Valley hunters may soon be able to head out there armed with a new weapon. It's thanks to one piece of legislation that shot straight through the General Assembly.

The weapon is a crossbow. It has been mostly illegal to use but may soon be a hot item.

And all it will take is an extra license from the Department of Game and Inland Fisheries.

With a crossbow you still have to point and aim.

But unlike compound bows, a pull of a trigger sends the arrow flying.

That's why people with physical handicaps have been allowed to use them.

"I have trouble pulling back a compound," said crossbow user Normand McLaughlin. "So, I have a doctor’s note and I do use a Parker crossbow."

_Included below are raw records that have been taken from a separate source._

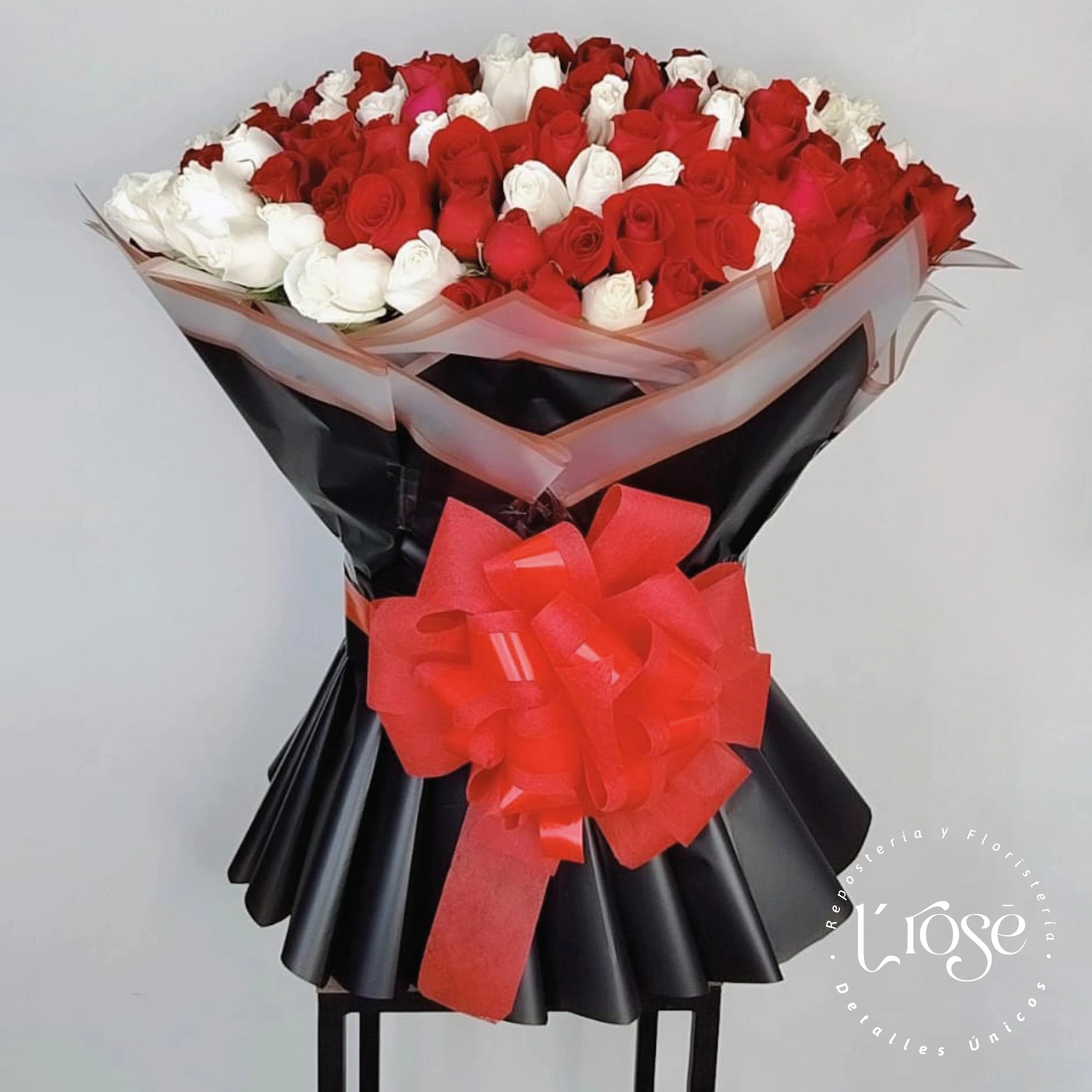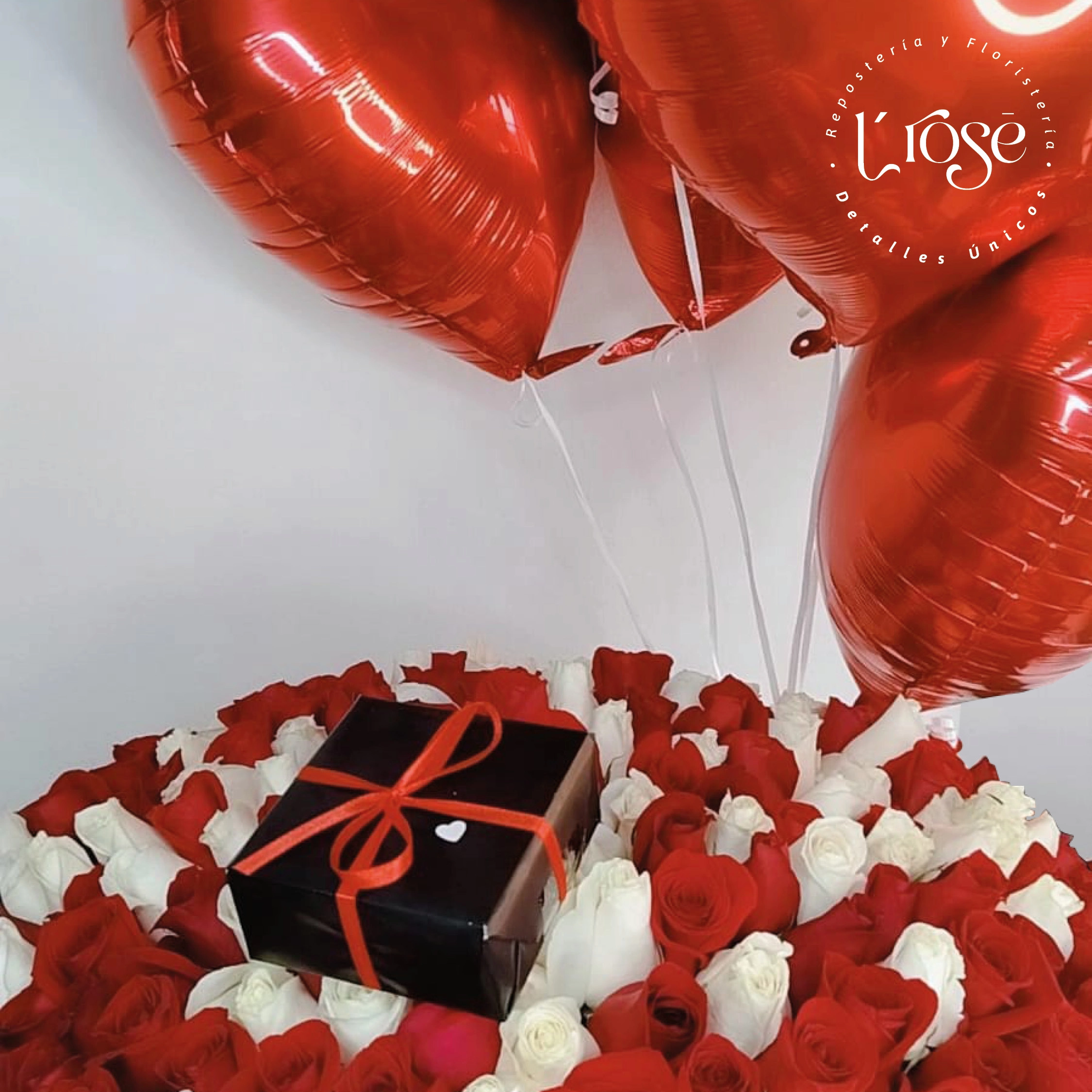 Bouquet buchón de 300 rosas Aproximadamente y 6 globos metalizados corazón
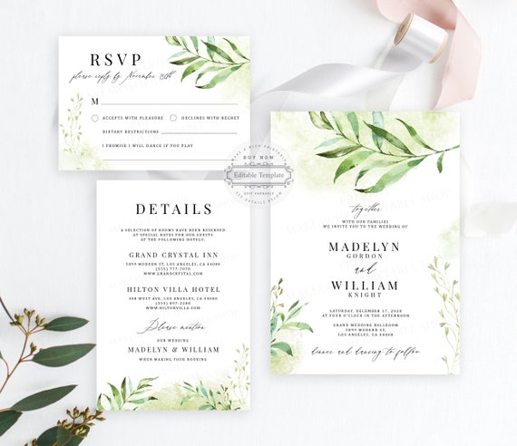 Rustic Wedding Invitation Set Wreath Wedding Invite Template Wedding Invitation Editable Templates
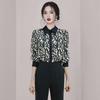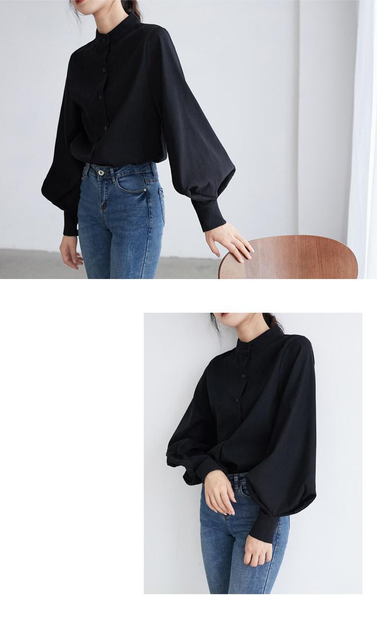 Camisa informal holgada de manga farol elegante de un solo pecho con cuello alto estilo Hong Kong retro de tiro real para mujer
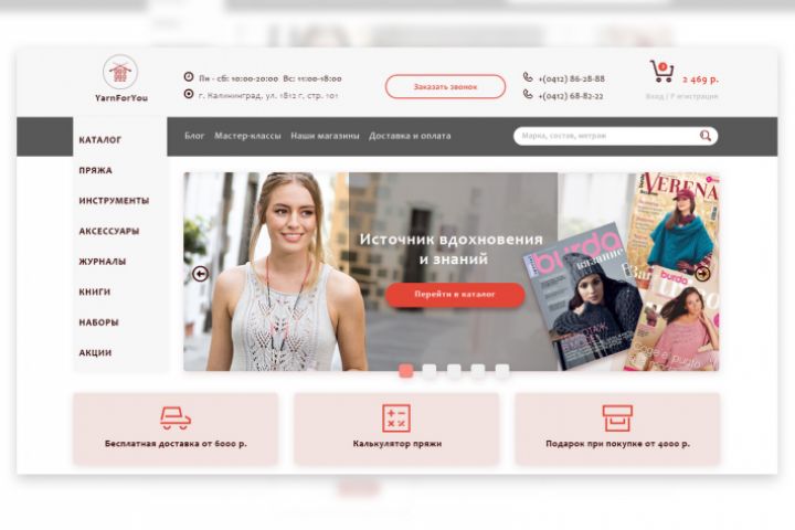 Теплые цвета создают атмосферу домашнего тепла и уюта, которая свойственна вязанным вещам ручной работы. Идея нашла отражение в круглых формах графических элементов и мягких тенях.
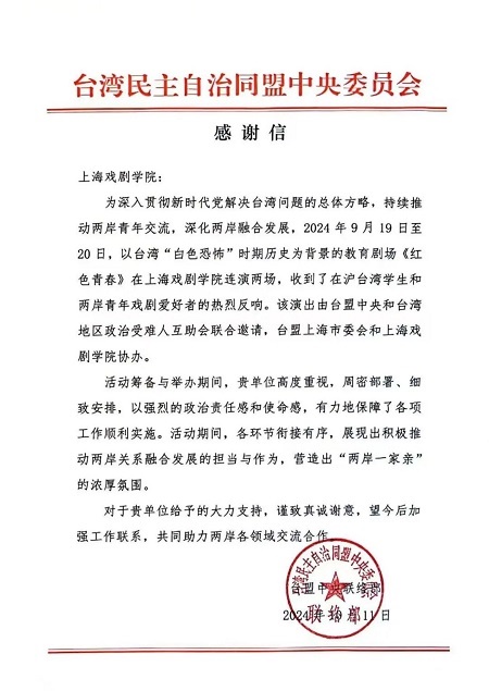 近日,台盟中央联络部发来了一封感谢信,感谢开云足球首页官网下载以强烈的政治责任感和使命感,有力地保障了教育剧场《红色青春》的顺利演出,展现出积极推进两岸关系融合发展的担当与作为,营造出“两岸一家亲”的浓厚氛围。
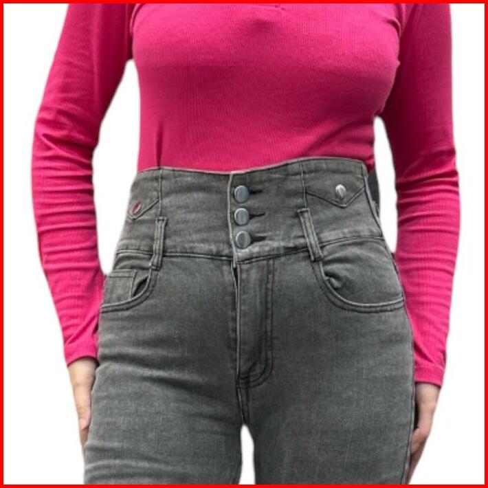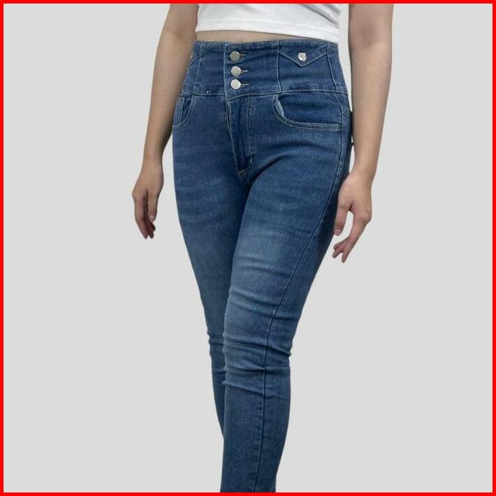Celana Jeans Skinny Highwaist Wanita Premium Korean Style Abu Biru Panjang Slim Fit Muda Kaki Nyaman Denim Cutbray Stret
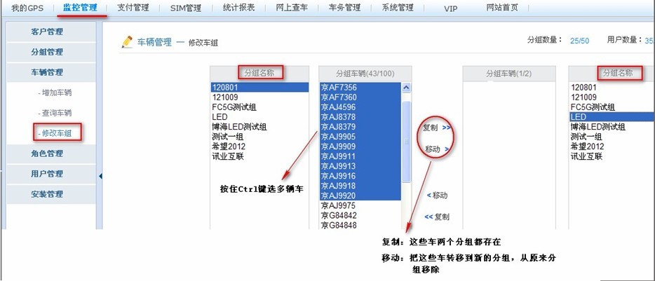 功能,将一个组的车辆快速复制或移动到另一个分组中去。如下图
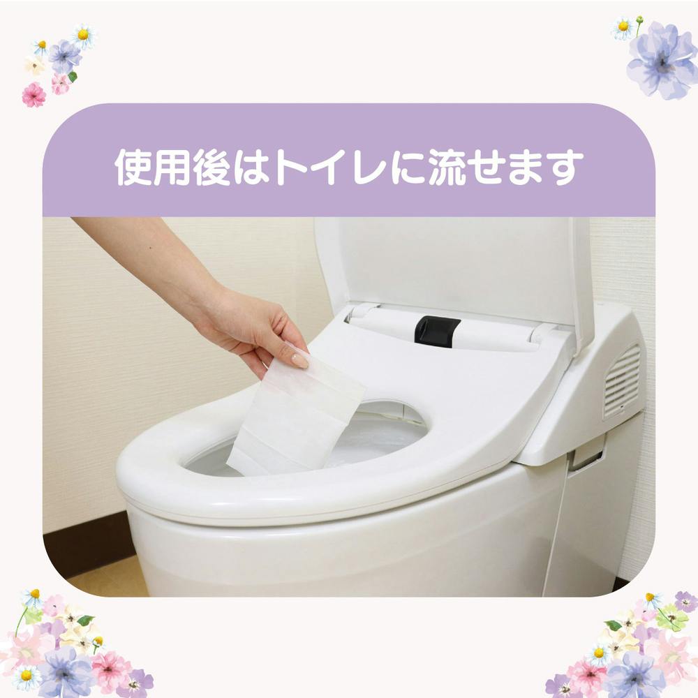 ●トイレのつまりを防ぐため、必ず1枚ずつ流してください。 ●大の水量で流してください。 ●お肌に異常が生じていないかよく注意して使用してください。お肌に合わない場合には使用をやめてください。
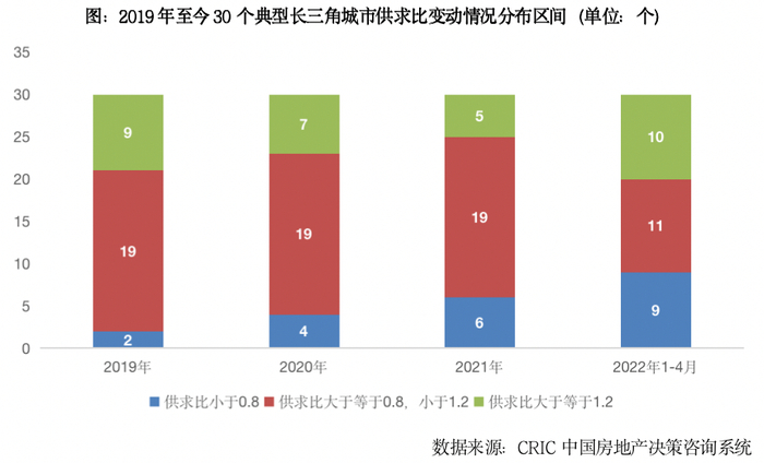 纵观30个典型城市2019年以来供求比变化,总体呈现出以下几大特征:一是多数城市供求持稳(供求比大于等于0.8,小于1.2),并无明显供应过量情况;二是因2022年行情转淡叠加新冠疫情不确定影响,供过于求(供求比大于1.2)城市个数达到了10个;三是供不应求(供求比小于0.8)城市个数稳步上升,2022年依旧达到了9个,占比约1/3。
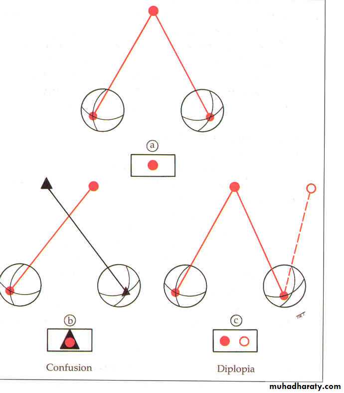 3. Confusion is the simultaneous appreciation of two superimposed but dissimilar images caused by stimulation of corresponding points (usually foveae) by images of different objects.
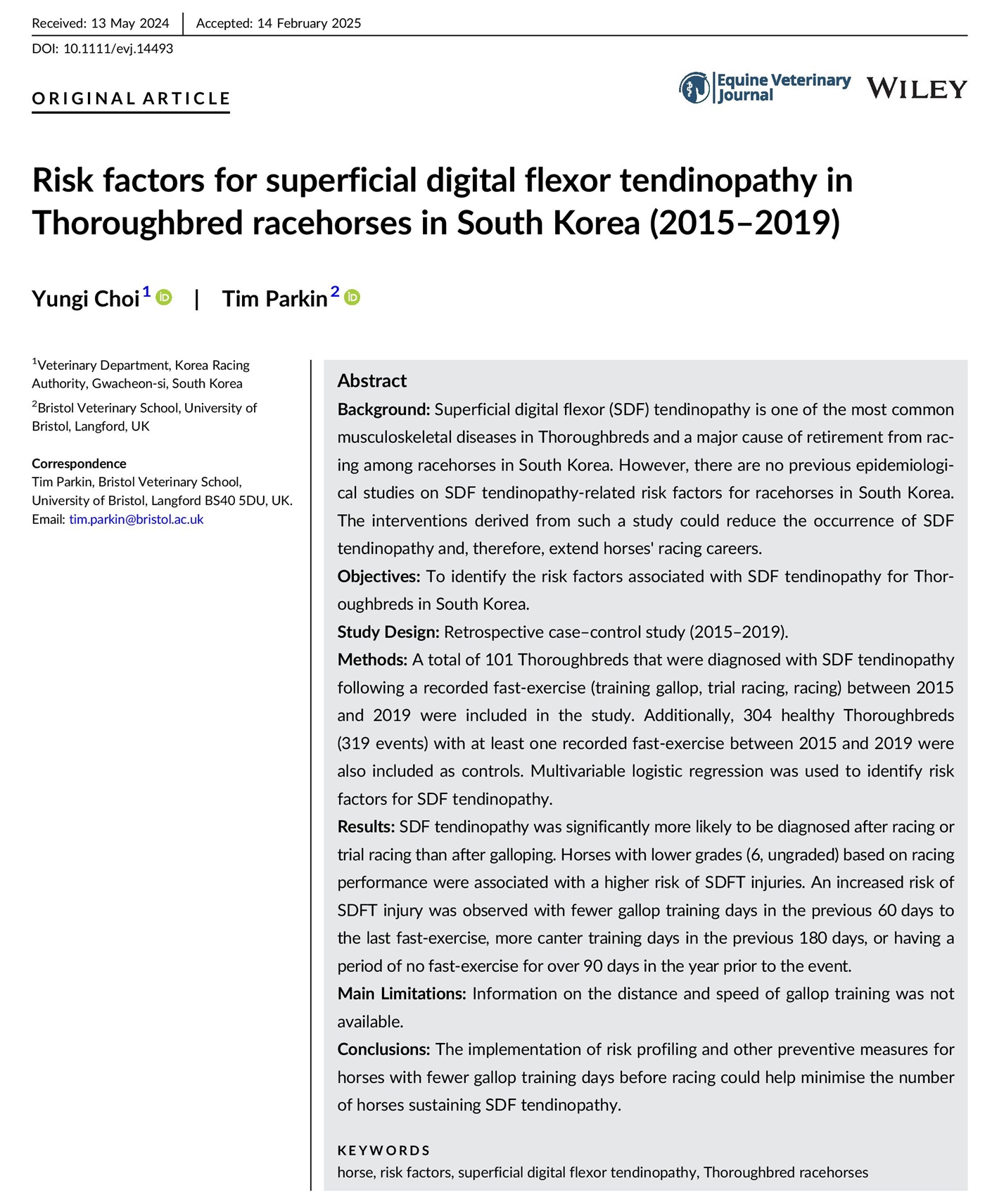 우선, 한국마사회 최윤기 수의사와 영국 브리스톨대 Tim Parkin 교수가 공동 연구한 ‘한국 경주마의 천지굴건 질환(SDF tendinopathy) 위험 요인’ 연구가 지난해 3월 말수의학 분야 최고 권위 학술지인 EVJ(Equine Veterinary Journal)에 게재됐다(Risk factors for superficial digital flexor tendinopathy in Thoroughbred racehorses in South Korea (2015–2019)).

The new law will allow everyone to use one.

"Bowhunting is very very popular in this area and now with the crossbows coming, it will just get everybody going even more on that," said Jim Hegedus of Dominion Outdoors. "It just opens up a lot more avenues for people that haven't been able to do it before"

And makes sure that those who already do are capable of handling it.

"You got a lot of people that use a crossbow that don't have a permit and this way it will make it legitimate," said McLaughlin.

Now, don't go out and buy your crossbow just yet.

The bill approved by the House and Senate must now be signed by Governor Warner.

And it gives the Department of Game and Inland Fisheries the right to issue licenses.

That decision will be made later this year.